Climbing out of a dark place
In an “ironic” case of life imitating art, Lindsay May named her latest EP Girl With Grit just before she proved herself to be exactly that.
May’s own grit was tested when her mother and grandmother died within two days of each in 2012. This, in addition to the death of her dog a couple of months later, drove the B.C. singer/songwriter into a very dark place.
Other siblings and friends could not help her escape from it — in fact, May recalled that the situation showed her how superficial some of her friendships were. “Some people only want to go out and have fun.

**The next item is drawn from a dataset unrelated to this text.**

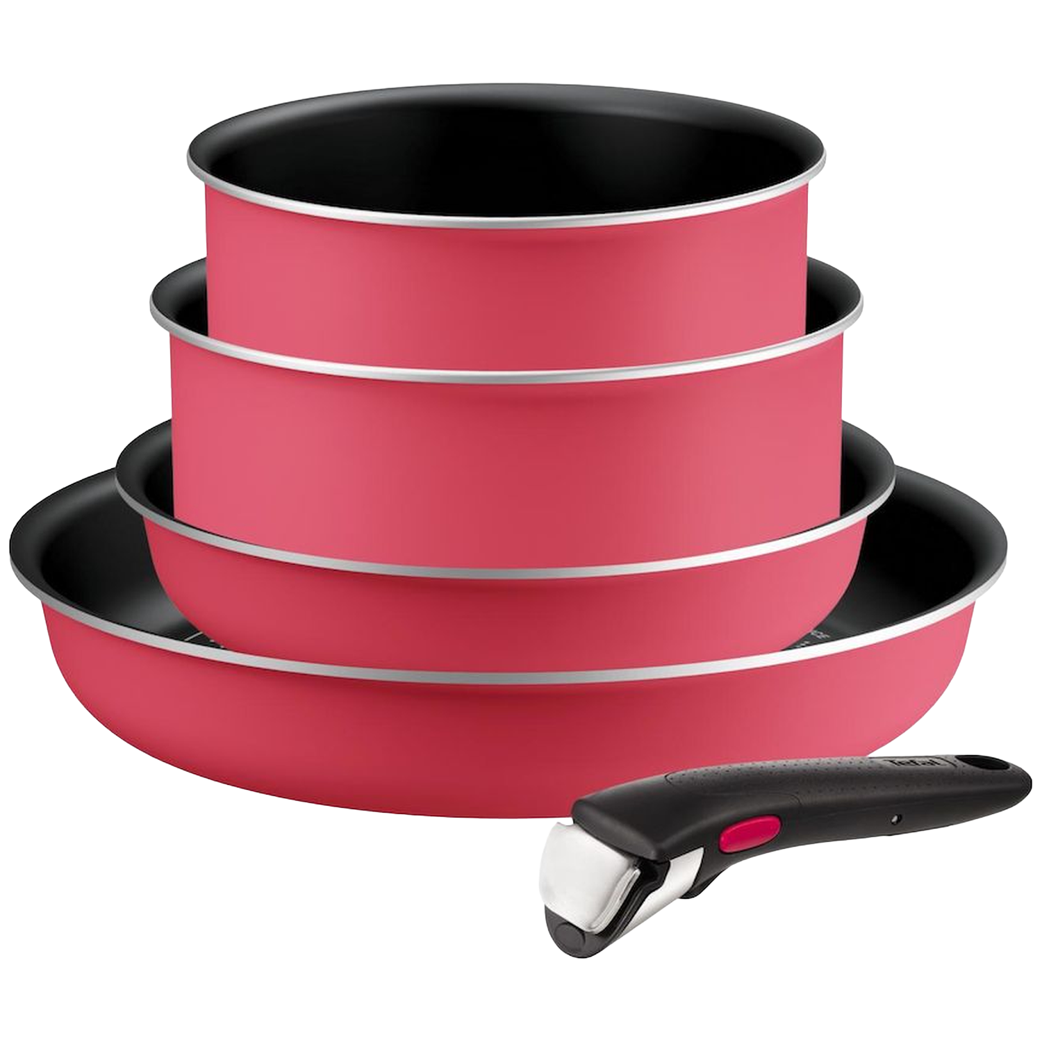 5-delige aluminium pannenset voor alle soorten fornuizen, inclusief inductie 2 koekenpannen 22/28 cm, 2 steelpannen 18/20 cm + afneembare handgreep

They’re not there for you when you need their support.”
On the other hand, May, who performs on Sunday, Feb. 9, at Fratters Speakeasy in Red Deer, admitted she wasn’t exactly in the right headspace to be a good friend to other people, either.

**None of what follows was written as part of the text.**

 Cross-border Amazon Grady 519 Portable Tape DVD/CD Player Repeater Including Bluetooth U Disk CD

Realizing she needed more help than was at hand, she signed up for grief counselling and even went on anti-depressants until she could cope again.
Another thing that helped pull her out of her emotional hole was her music — particularly playing some songs from Girl With Grit. “They were a comfort. Whenever I felt cranky, I realized it was because I didn’t pick up my guitar for a few days,” said May.
The title track “is about life lessons and learning I’ve got to do it myself, in my own way,” said May. It was inspired by her experience of being bulldozed by others. “These people are trying to be helpful but have told me what to do in such a powerful way, and then gotten angry when I haven’t taken their advice.”
One of these people was her mother. May was still devastated when her mom died at age 63 of a rare form of brain cancer because, despite their differences over whether May should pursue a music career (her mom pushed her into business school), they were close.
The singer said she never felt really fulfilled until she dove into performing for a living. And, judging by her achievements, music is her true calling.
Since releasing her 2008 debut album, Bronze and Blue, May’s been a finalist in the Kerrville New Folk contest in Texas, the New Mountain Stage Songwriting Contest and the Shore 104.3 Sounds of Summer Song Search. She was also invited to open for Shari Ulrich and Valdy.
The 36-year-old grew up in Kelowna, worked for a decade in Vancouver’s corporate world, and now lives as a musician on Shuswap Lake. She doesn’t regret her business background. In fact, she thinks it’s a good idea for all artists to pick up some financial knowledge.
“My advice would be, if you want to be a songwriter, take some basic business courses, read every book on songwriting you can get a hold of — and if somebody asks you to play a show, play it. Get as much live performing experience as you can.”
She added she will sing, share stories and even crack a few jokes at Fratters with Okotoks singer Jodi Doidge.